Why do we write? Or create? Or sing? Or any other art or craft?

The most obvious answer is to express ourselves. And I don’t think it’s a wrong answer, I certainly express myself a lot through my Writing, or when I was vlogging, or any other creative endeavor that I’ve undertaken.  I can’t deny it’s one reason.

I think for at least the last year, my writing has shifted.  You’ll see some of what I mean in my posts in the last year, but I also mean in my fictional writing.  I think when it comes to my fictional writing, I’m writing more from a place of self Examination.

You need to understand something about me.  I know who I am, perhaps for the first time in my life, I know who I am.  But I also know who I want to be, and so in the last year or so, my writing has been a way of me exploring and trying to find a connection from who I am, and who I want to be.

If I’m being honest, I’ve always had a good portion of self-examination in my writing, but I think it’s been more intentional, and hopefully deeper in the last year.

In the book that I self published a lot of it is self-examination.  For most of the short stories, I picked a situation and asked myself “how would you react?” or “how would you like to react?” or “how would you hope you wouldn’t react?” and I picked the most interesting option to me and dove into it.  With stories about nude portrait projects for school, and bank robberies, and orgies.

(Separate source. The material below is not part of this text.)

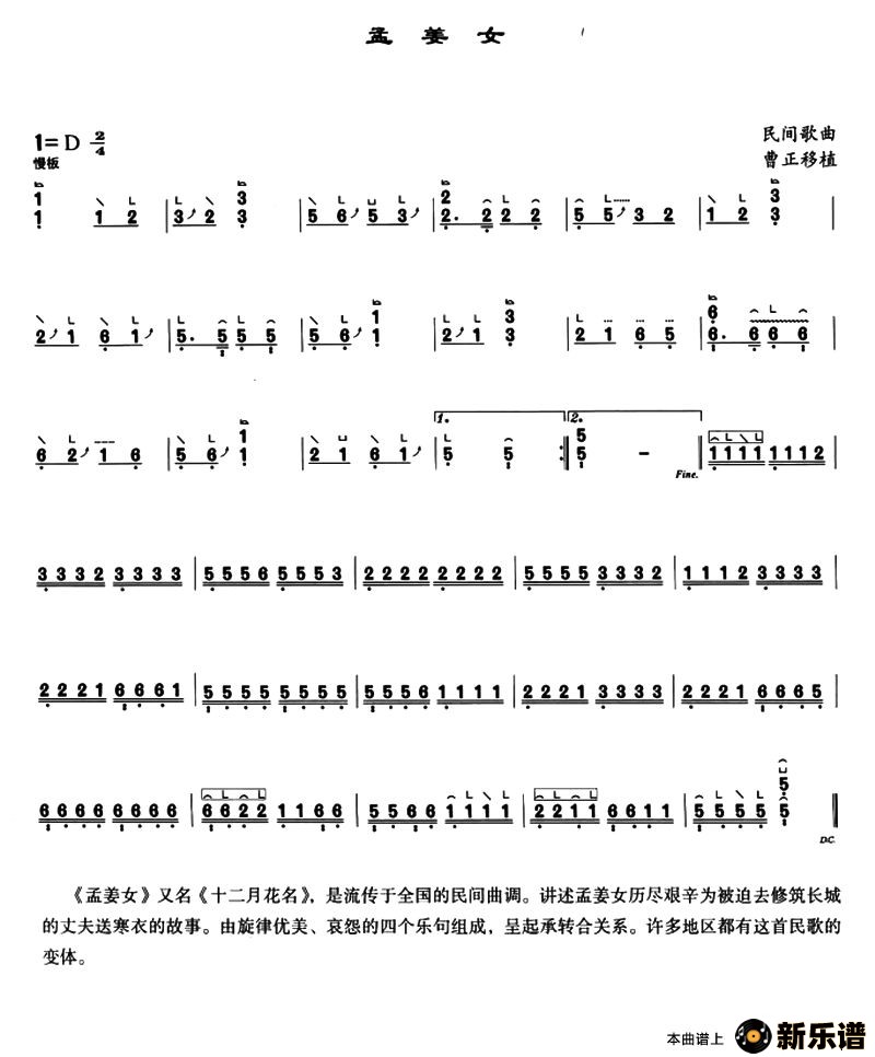 > 孟姜女最新曲谱

I’ve written a lot of short stories since, including one about a man having to figure out how to break devastating news to his daughter, which feels perhaps less exciting, but was much deeper character work, and also was a dive into some of my own biggest fears in a much more real way.

Currently, I’m working on a novel, and it’s about a father and son on a road trip, and what it means to be a man, and a father, and a son.  It’s been a very strange process, because I had thought up the idea a few years ago, before becoming a father, and then started outlining while my wife was pregnant, started writing in those early months of fatherhood, continued through being laid off, and becoming a stay at home father, and moving away from my own parents.  There is still a lot to be written but so far throughout the process I’ve been given huge windows into different aspects of the questions I was hoping to raise.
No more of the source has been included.